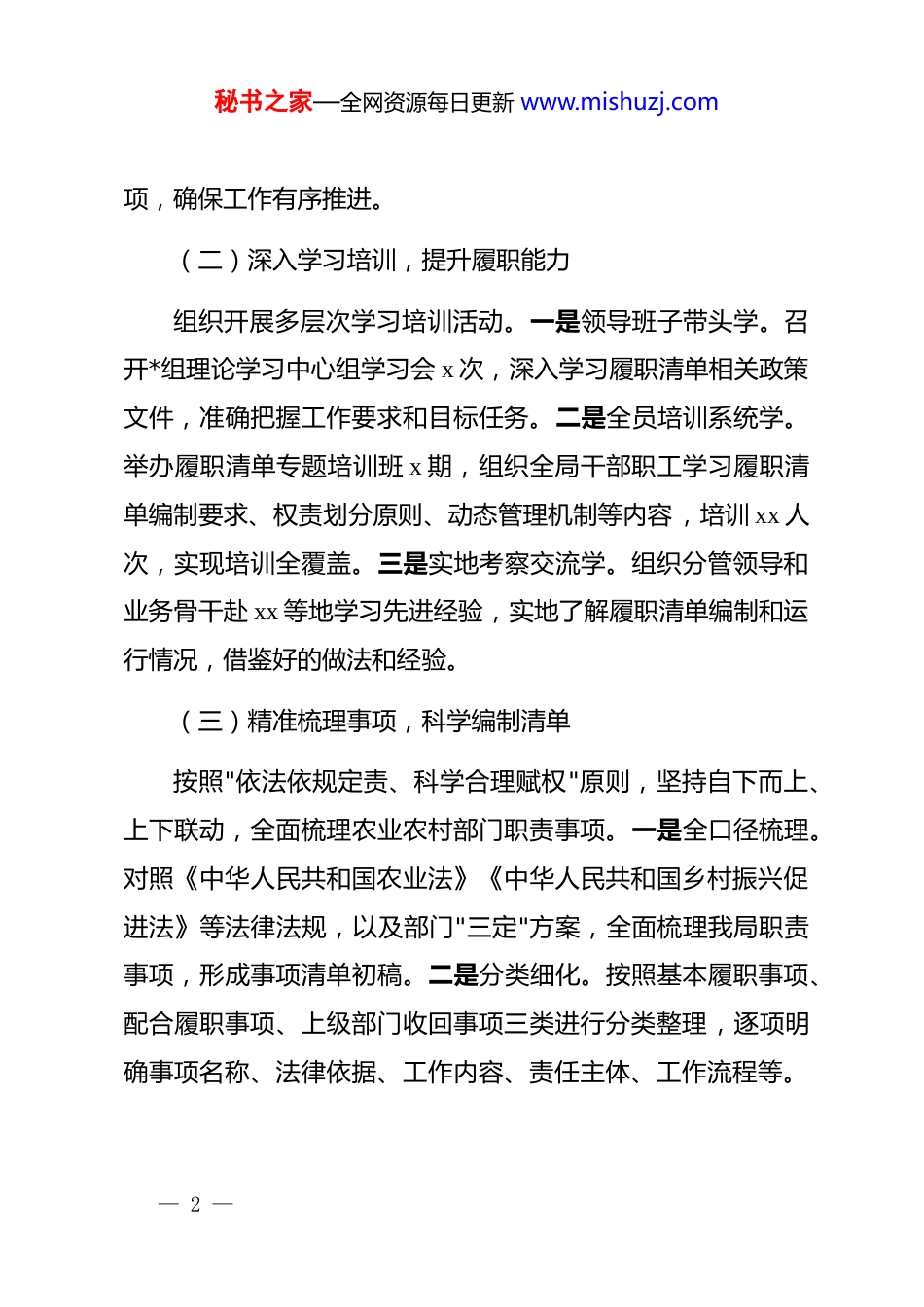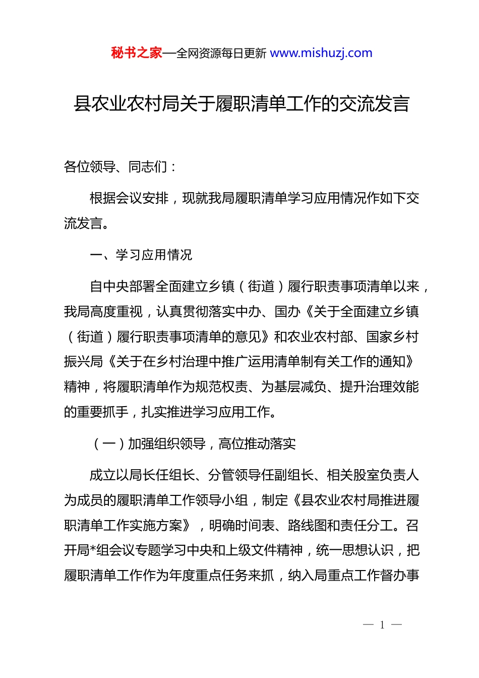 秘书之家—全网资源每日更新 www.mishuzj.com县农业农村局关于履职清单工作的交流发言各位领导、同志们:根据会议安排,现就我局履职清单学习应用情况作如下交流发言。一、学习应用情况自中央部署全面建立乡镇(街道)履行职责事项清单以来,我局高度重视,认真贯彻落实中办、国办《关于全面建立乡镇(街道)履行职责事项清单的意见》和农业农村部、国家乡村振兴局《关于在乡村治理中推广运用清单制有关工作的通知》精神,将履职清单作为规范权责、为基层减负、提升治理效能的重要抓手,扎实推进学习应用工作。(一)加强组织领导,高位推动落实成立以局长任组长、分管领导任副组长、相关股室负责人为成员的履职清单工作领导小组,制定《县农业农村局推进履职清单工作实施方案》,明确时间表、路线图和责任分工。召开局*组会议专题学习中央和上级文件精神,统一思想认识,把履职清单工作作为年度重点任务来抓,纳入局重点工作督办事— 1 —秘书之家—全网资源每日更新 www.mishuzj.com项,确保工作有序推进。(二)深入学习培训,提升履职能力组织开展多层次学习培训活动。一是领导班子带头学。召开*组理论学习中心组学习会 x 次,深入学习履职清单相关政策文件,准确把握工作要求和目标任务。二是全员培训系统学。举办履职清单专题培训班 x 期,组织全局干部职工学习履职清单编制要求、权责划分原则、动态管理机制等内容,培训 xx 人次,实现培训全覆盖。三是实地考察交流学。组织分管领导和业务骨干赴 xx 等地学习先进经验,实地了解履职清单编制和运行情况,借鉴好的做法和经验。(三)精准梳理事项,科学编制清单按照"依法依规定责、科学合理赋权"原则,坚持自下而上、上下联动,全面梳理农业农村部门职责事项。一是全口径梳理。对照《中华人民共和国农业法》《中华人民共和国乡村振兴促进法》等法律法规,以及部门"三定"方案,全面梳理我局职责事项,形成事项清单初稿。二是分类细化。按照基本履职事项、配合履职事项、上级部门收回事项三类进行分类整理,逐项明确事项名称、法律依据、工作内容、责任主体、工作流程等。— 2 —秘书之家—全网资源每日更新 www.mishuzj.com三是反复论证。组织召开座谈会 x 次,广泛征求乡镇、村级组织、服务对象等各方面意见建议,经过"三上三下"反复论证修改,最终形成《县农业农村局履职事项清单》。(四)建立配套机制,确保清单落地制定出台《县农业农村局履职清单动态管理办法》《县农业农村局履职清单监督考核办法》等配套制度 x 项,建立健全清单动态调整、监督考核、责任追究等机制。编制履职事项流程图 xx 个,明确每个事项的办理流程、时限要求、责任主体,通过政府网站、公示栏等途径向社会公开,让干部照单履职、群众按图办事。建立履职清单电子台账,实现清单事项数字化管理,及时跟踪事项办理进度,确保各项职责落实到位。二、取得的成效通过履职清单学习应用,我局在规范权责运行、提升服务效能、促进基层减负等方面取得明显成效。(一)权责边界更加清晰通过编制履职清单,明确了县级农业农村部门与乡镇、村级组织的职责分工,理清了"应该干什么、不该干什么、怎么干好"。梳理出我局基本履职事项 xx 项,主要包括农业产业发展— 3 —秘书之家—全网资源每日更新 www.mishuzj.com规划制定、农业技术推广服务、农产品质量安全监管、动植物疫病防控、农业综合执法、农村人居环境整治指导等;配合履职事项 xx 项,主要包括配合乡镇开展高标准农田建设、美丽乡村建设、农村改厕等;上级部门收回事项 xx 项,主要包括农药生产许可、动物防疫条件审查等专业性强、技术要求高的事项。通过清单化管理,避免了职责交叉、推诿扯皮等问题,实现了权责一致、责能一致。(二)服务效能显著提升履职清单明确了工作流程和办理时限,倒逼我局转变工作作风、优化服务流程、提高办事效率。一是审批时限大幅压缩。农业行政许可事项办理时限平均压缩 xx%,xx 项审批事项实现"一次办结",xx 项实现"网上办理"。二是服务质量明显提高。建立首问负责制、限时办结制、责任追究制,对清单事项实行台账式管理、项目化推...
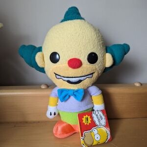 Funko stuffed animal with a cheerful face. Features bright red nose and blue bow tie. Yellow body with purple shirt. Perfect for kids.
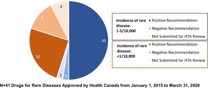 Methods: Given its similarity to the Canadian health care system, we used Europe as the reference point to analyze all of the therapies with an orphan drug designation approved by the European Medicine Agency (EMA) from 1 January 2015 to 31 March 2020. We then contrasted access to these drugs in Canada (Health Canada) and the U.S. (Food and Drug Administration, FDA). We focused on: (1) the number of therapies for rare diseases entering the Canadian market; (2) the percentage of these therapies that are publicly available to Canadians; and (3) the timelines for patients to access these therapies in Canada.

|---|

Only the lines from where the data begins to the line with "Funko stuffed animal", both of them included, should be reproduced word for word; no pictures.

§ **Output for this exercise**:
 秘书之家—全网资源每日更新 www.mishuzj.com县农业农村局关于履职清单工作的交流发言各位领导、同志们:根据会议安排,现就我局履职清单学习应用情况作如下交流发言。一、学习应用情况自中央部署全面建立乡镇(街道)履行职责事项清单以来,我局高度重视,认真贯彻落实中办、国办《关于全面建立乡镇(街道)履行职责事项清单的意见》和农业农村部、国家乡村振兴局《关于在乡村治理中推广运用清单制有关工作的通知》精神,将履职清单作为规范权责、为基层减负、提升治理效能的重要抓手,扎实推进学习应用工作。(一)加强组织领导,高位推动落实成立以局长任组长、分管领导任副组长、相关股室负责人为成员的履职清单工作领导小组,制定《县农业农村局推进履职清单工作实施方案》,明确时间表、路线图和责任分工。召开局*组会议专题学习中央和上级文件精神,统一思想认识,把履职清单工作作为年度重点任务来抓,纳入局重点工作督办事— 1 —秘书之家—全网资源每日更新 www.mishuzj.com项,确保工作有序推进。(二)深入学习培训,提升履职能力组织开展多层次学习培训活动。一是领导班子带头学。召开*组理论学习中心组学习会 x 次,深入学习履职清单相关政策文件,准确把握工作要求和目标任务。二是全员培训系统学。举办履职清单专题培训班 x 期,组织全局干部职工学习履职清单编制要求、权责划分原则、动态管理机制等内容,培训 xx 人次,实现培训全覆盖。三是实地考察交流学。组织分管领导和业务骨干赴 xx 等地学习先进经验,实地了解履职清单编制和运行情况,借鉴好的做法和经验。(三)精准梳理事项,科学编制清单按照"依法依规定责、科学合理赋权"原则,坚持自下而上、上下联动,全面梳理农业农村部门职责事项。一是全口径梳理。对照《中华人民共和国农业法》《中华人民共和国乡村振兴促进法》等法律法规,以及部门"三定"方案,全面梳理我局职责事项,形成事项清单初稿。二是分类细化。按照基本履职事项、配合履职事项、上级部门收回事项三类进行分类整理,逐项明确事项名称、法律依据、工作内容、责任主体、工作流程等。— 2 —秘书之家—全网资源每日更新 www.mishuzj.com三是反复论证。组织召开座谈会 x 次,广泛征求乡镇、村级组织、服务对象等各方面意见建议,经过"三上三下"反复论证修改,最终形成《县农业农村局履职事项清单》。(四)建立配套机制,确保清单落地制定出台《县农业农村局履职清单动态管理办法》《县农业农村局履职清单监督考核办法》等配套制度 x 项,建立健全清单动态调整、监督考核、责任追究等机制。编制履职事项流程图 xx 个,明确每个事项的办理流程、时限要求、责任主体,通过政府网站、公示栏等途径向社会公开,让干部照单履职、群众按图办事。建立履职清单电子台账,实现清单事项数字化管理,及时跟踪事项办理进度,确保各项职责落实到位。二、取得的成效通过履职清单学习应用,我局在规范权责运行、提升服务效能、促进基层减负等方面取得明显成效。(一)权责边界更加清晰通过编制履职清单,明确了县级农业农村部门与乡镇、村级组织的职责分工,理清了"应该干什么、不该干什么、怎么干好"。梳理出我局基本履职事项 xx 项,主要包括农业产业发展— 3 —秘书之家—全网资源每日更新 www.mishuzj.com规划制定、农业技术推广服务、农产品质量安全监管、动植物疫病防控、农业综合执法、农村人居环境整治指导等;配合履职事项 xx 项,主要包括配合乡镇开展高标准农田建设、美丽乡村建设、农村改厕等;上级部门收回事项 xx 项,主要包括农药生产许可、动物防疫条件审查等专业性强、技术要求高的事项。通过清单化管理,避免了职责交叉、推诿扯皮等问题,实现了权责一致、责能一致。(二)服务效能显著提升履职清单明确了工作流程和办理时限,倒逼我局转变工作作风、优化服务流程、提高办事效率。一是审批时限大幅压缩。农业行政许可事项办理时限平均压缩 xx%,xx 项审批事项实现"一次办结",xx 项实现"网上办理"。二是服务质量明显提高。建立首问负责制、限时办结制、责任追究制,对清单事项实行台账式管理、项目化推...
 Funko stuffed animal with a cheerful face. Features bright red nose and blue bow tie. Yellow body with purple shirt. Perfect for kids.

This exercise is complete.